Exactly the lines from the one containing "Tattooed goth chick" through the end of the listing must make up the answer, with no pictures included.
** Opening DATASET CONTENT block **
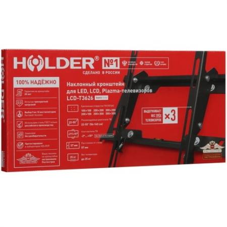 проверить балансКронштейн для ТВ Holder LCD-T3626-B в черном цвете служит для крепления телевизоров. Он поддерживает экраны от 22" до 55" и может выдерживать нагрузку до 25 кг. Устройство имеет стандарт размеров крепления VESA до 300 х 300. Holder LCD-T3626-B имеет расстояние от стены 57 мм. Модель имеет угол наклона до 2° вверх и до 15° вниз, что позволяет подстроить экран под нужный для просмотра угол.
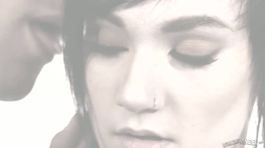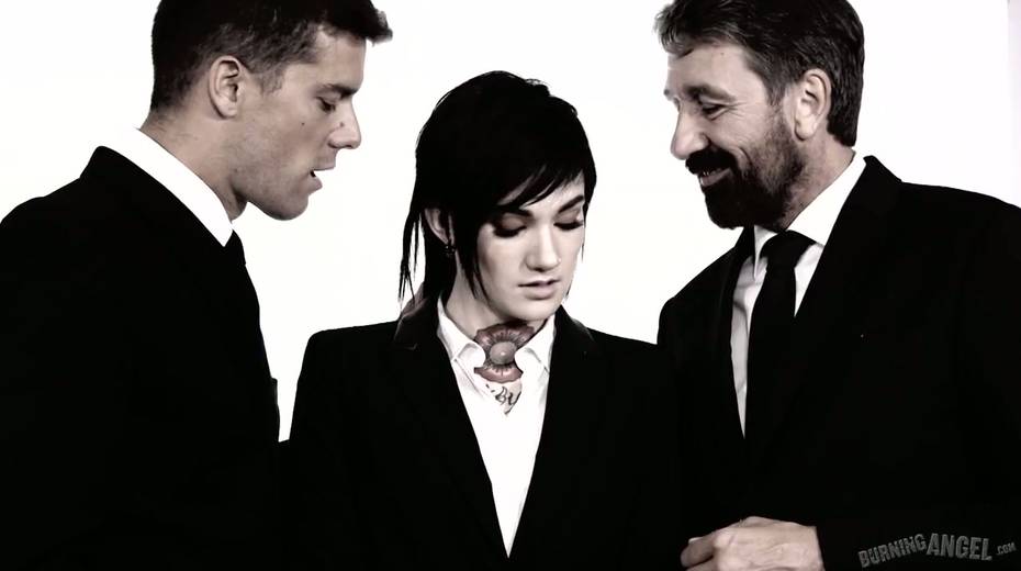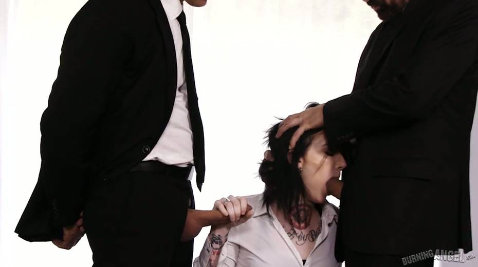 Tattooed goth chick Steve Holmes gets double penetrated for the first time
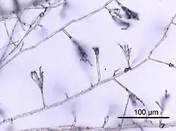 A hypha (from Ancient Greek ὑφή (huphḗ) 'web'; pl. hyphae) is a long, branching, filamentous structure of a fungus, oomycete, or actinobacterium.[1] In most fungi, hyphae are the main mode of vegetative growth, and are collectively called a mycelium.
** Closing DATASET CONTENT block **
ANSWER TO THE PROBLEM -
 Tattooed goth chick Steve Holmes gets double penetrated for the first time
 A hypha (from Ancient Greek ὑφή (huphḗ) 'web'; pl. hyphae) is a long, branching, filamentous structure of a fungus, oomycete, or actinobacterium.[1] In most fungi, hyphae are the main mode of vegetative growth, and are collectively called a mycelium.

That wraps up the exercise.